GERARD GAUCI
Chiaroscuro

March 12th - April 2nd, 2005
 
     
    On a recent trip to Rome, Gerard Gauci was fascinated by the paintings of Caravaggio and his circle. The emergence of figures and objects from deep shadow and the brilliant colour and idiosyncratic compositions communicated a terrific sense of drama and mystery. The virtuosic technique and sheer mastery of craft inspired him to come home and incorporate what he saw into his ongoing exploration of still life painting. Gauci has long been fascinated by this historical genre not only for the sheer beauty and sensuality of the canvasses but for the suggestive nature of these arrangements of fruit, flowers and man made objects. The particular arrangement of simple things has had the power to evoke bigger questions of life, death and the nature of beauty. 

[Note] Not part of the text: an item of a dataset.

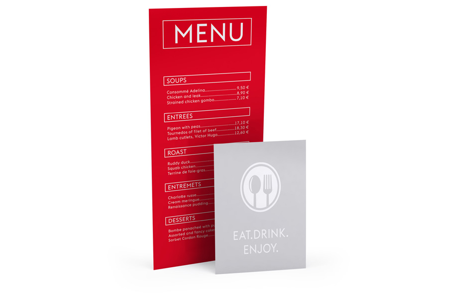 Wählen Sie für Ihre Speise- und Getränkekarten zwischen verschiedenen Formaten und seien Sie kreativ: Eine Karte im DIN-Format als Speisekarte, die Getränkekarte in Form eines Rechtecks und für besondere Angebote können Sie ein quadratisches Menü reichen. Durch diese unterschiedlichen Formate hat Ihr Serviceteam prompt die gewünschte Karte parat und Ihre Gäste behalten einen guten Überblick über Ihr vielseitiges Angebot.

Gauci has always been interested in creating work that refers directly to art history while remaining very much in this moment. To that end these paintings incorporate simple studio props such as plywood planks, makeshift furniture and flea market finds. As well, the composition of these paintings is spatially divided into several levels. In some paintings the arrangements are wholly or partly covered by the clear plastic, normally used by painters as drop sheets. He enjoys the reference this makes to the rich draperies of earlier painting. In the end it is the enigmatic quality of the imagery (whether the still life is being protected or suffocated, shrouded or revealed by the plastic sheeting) that is the driving force behind his work.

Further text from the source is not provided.